The proposed housing development by Sun Peaks Resort is named Alder Estates and would add 16 homes to the community. Photo by Zuzy Rocka

Sun Peaks Resort (SPR) is applying to develop parcel 27 for residential housing and tourist accommodations.

SPR applied to Sun Peaks Mountain Resort Municipality (SPMTM) on June 6 to amend the zoning of 2.36 hectares of Crown land at McGillivray Lake Drive. The proposed housing development will include 16 homes and the overall process will take more than two years, according to Darcy Alexander, SPR’s vice president and general manager.

“We’re hopeful that the subdivision process will be complete by the fall,” Alexander said.

The land will be divided into lots for the proposed development named Alder Estates.

Initially, the goal for the project was to complete road development for the subdivision by the fall of 2023. However, Alexander said material shortages caused delays.

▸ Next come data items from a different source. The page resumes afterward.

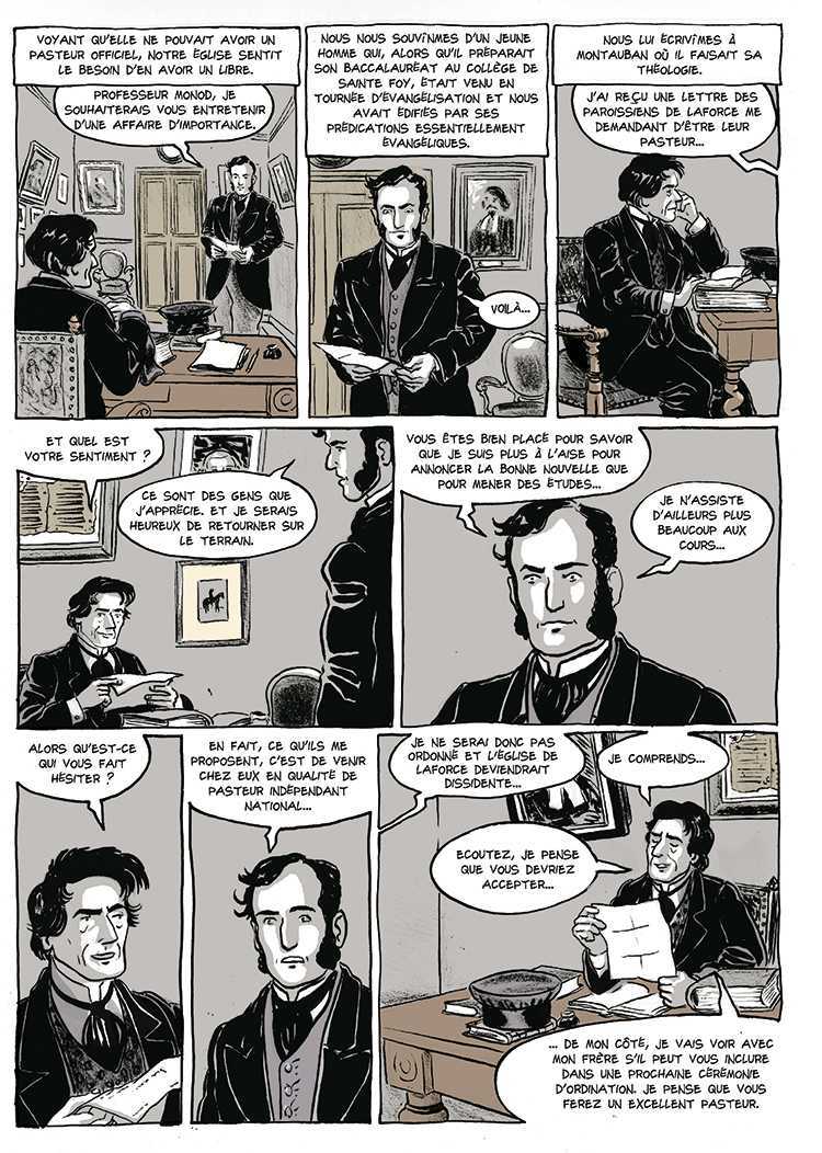 On ne peut dissocier le protestantisme de l’œuvre de Bost qui a marqué le XIXe siècle. Sa démarche repose sur sa religion et sa volonté d’en montrer la joie et l’espoir. Orphelines, malades, infirmes, Laforce était et est toujours aujourd’hui un lieu d’accueil de très nombreux patients sans préjugés en pleine Gascogne. L’internement avant Laforce était le plus souvent un lieu où l’on mourrait méprisé et abandonné. Bost n’était pas prédestiné à ce parcours hors normes. Musicien, relieur, soldat, c’est à Paris qu’il sera touché par la foi et commence son périple religieux et professionnel. Personnage complexe mais honnête envers lui-même et les autres, John Bost est respectueux de l’ordre établi mais un visionnaire que rien ne va arrêter. En suivant Bost dans cet album au trait clair, aux textes concis, on découvre un homme dont la devise « je ne regarde pas ce que j’ai fait mais ce que j’ai à faire » résume la vie.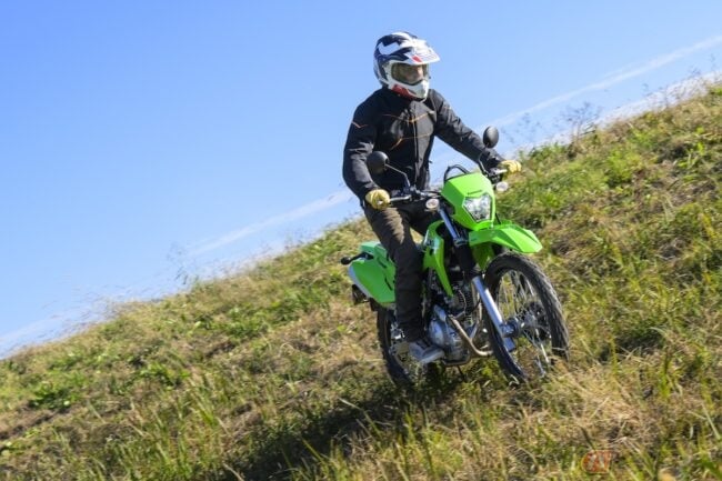 今回はKLX230Sにも乗ることができました。シェルパの車体色がミディアムスモーキーグリーン、ミディアムクラウディグレー、ホワイティッシュベージュといった自然と調和するアースカラーを採用するのに対し、KLX230SはモトクロッサーKXシリーズを彷彿とさせるライムグリーン、そしてバトルグレーの設定。よりアグレッシブな印象です。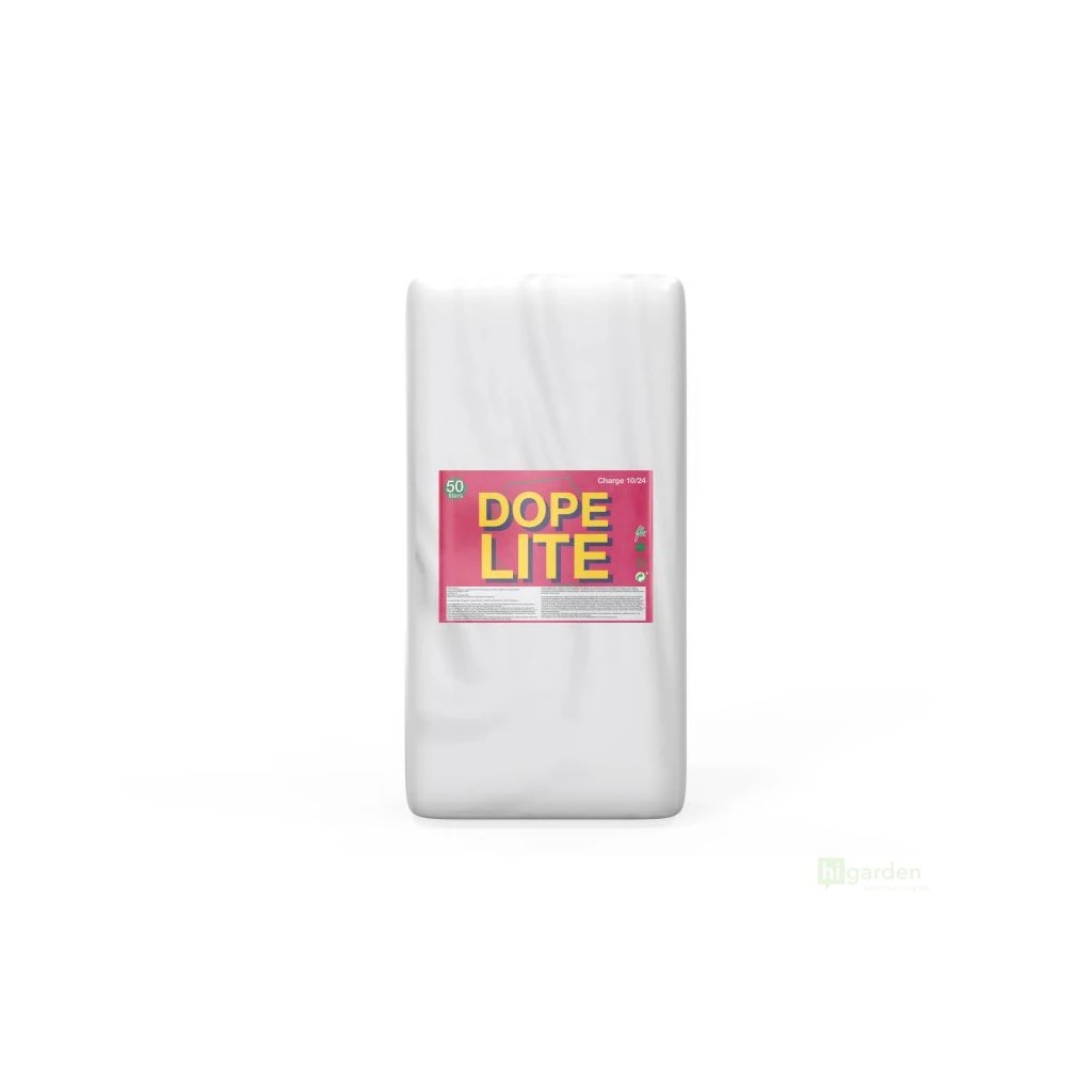 Na rozdíl od DOPE SOIL, který je obohacen o 10 % FLO, je DOPE LITE méně předhnojená směs substrátů. Díky FLO spojuje DOPE LITE vlastnosti kompletní produktové řady v jednom substrátu: základní hnojení s makro a mikroživinami, přírodní stimulátory kořenů, růstu a kvetení, huminové a fulvokyseliny, enzymy, křemičitany, aminokyseliny, CalMag, mykorhizu, Trichodermu a bakterie.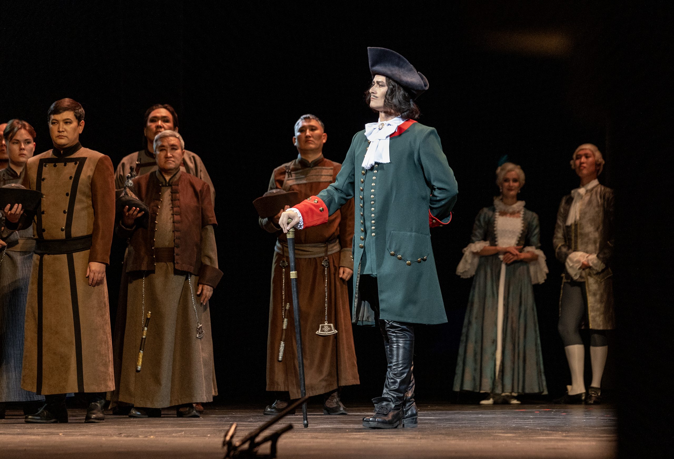 Такая своего рода застывшая в монолите величественность также отличает режиссуру Олега Юмова. В проникновенных дуэтах Эреэхэн (Билигма Ринчинова) с Нагалом (Жамсо Бамбагаев) угадываются бурятские протяжные песни. Как кажется, опера в принципе уделяет большее внимание обычаям и нравам бурятов, чем показу исторических событий. Сама же встреча с Петром I проходит как бы вскользь, служа лишь поводом включить в действие стилизованные под Рамо европейские бальные танцы (хореограф – Алиса Шикина). Это была и наиболее интересная картина с точки зрения оркестрового исполнения, где дирижер Илья Норштейн с явным удовольствием и вниманием подчеркивал красочные соло.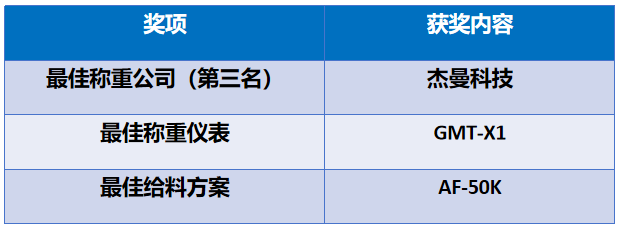 2025年5月,国际权威称重工业媒体weighing review发布年度评选结果,杰曼科技凭借gmt-x1称重仪表与af-50k包装秤单元,一举斩获“最佳称重仪表”、“最佳给料包装方案”及“年度最佳称重企业”三类奖项,成为全球工业称重领域唯一同时摘得三项殊荣的中国企业。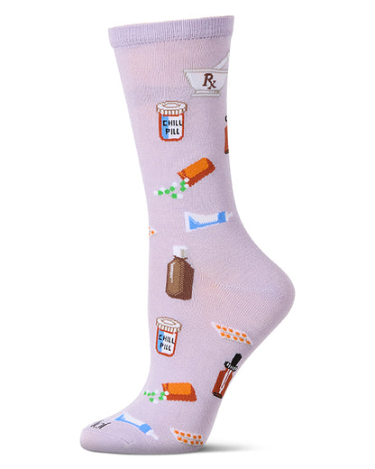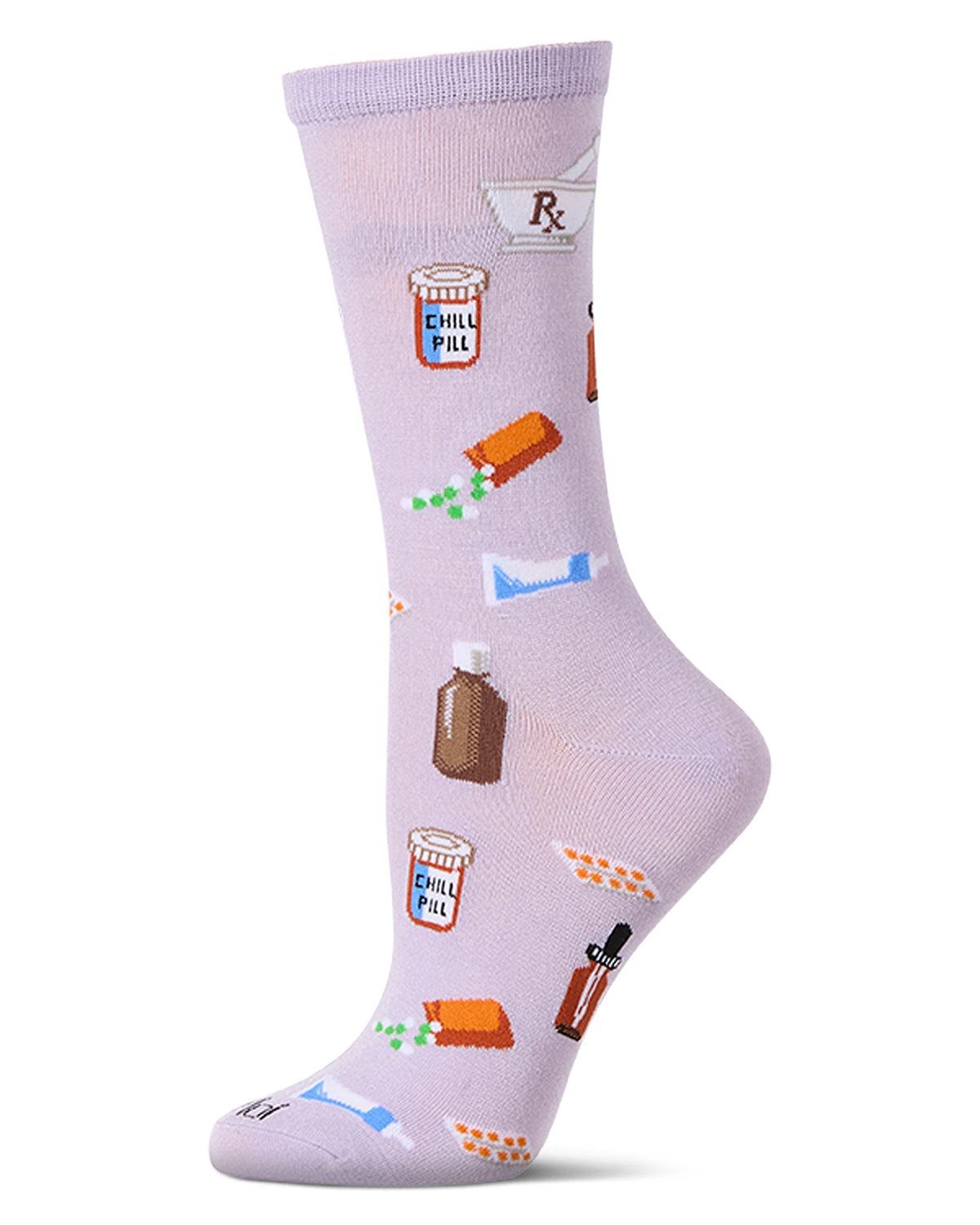 Women's RX-Themed Rayon Blend Novelty Crew Sock

As part of the process, SPR applied to the province to purchase the land. SPR is entitled to buy designated parcels of land as part of its Master Development Agreement with B.C. According to Alexander, the purchase is currently undergoing an administrative process and should be approved this summer.

According to Alexander, the land also underwent an archeological assessment in conjunction with First Nations bands as part of the development process.

“Members of the bands come up when we do the groundwork and they use maps to identify what might be potential areas [with Indigenous history],” Alexander told SPIN.

After the archeological assessment is complete, it is sent to the province and bands.

While the development will increase the housing supply in Sun Peaks, SPMRM’s analysis of the proposal presented to council indicated the wastewater system may not have adequate capacity for increased water use when combined with the housing developments at Switchback Creek on parcel 36.

To respond to concerns over wastewater capacity, SPMRM placed a no-occupancy covenant on phases three and four at Switchback Creek until municipal engineers can determine the system’s capacity.

“They’re just being cautious so that we don’t exceed capacities,” Alexander explained.

The lots will be sold individually, and estimated prices won’t be set until the lots are finished.

The project will eventually be available for public consultation through SPMRM’s council meetings this summer.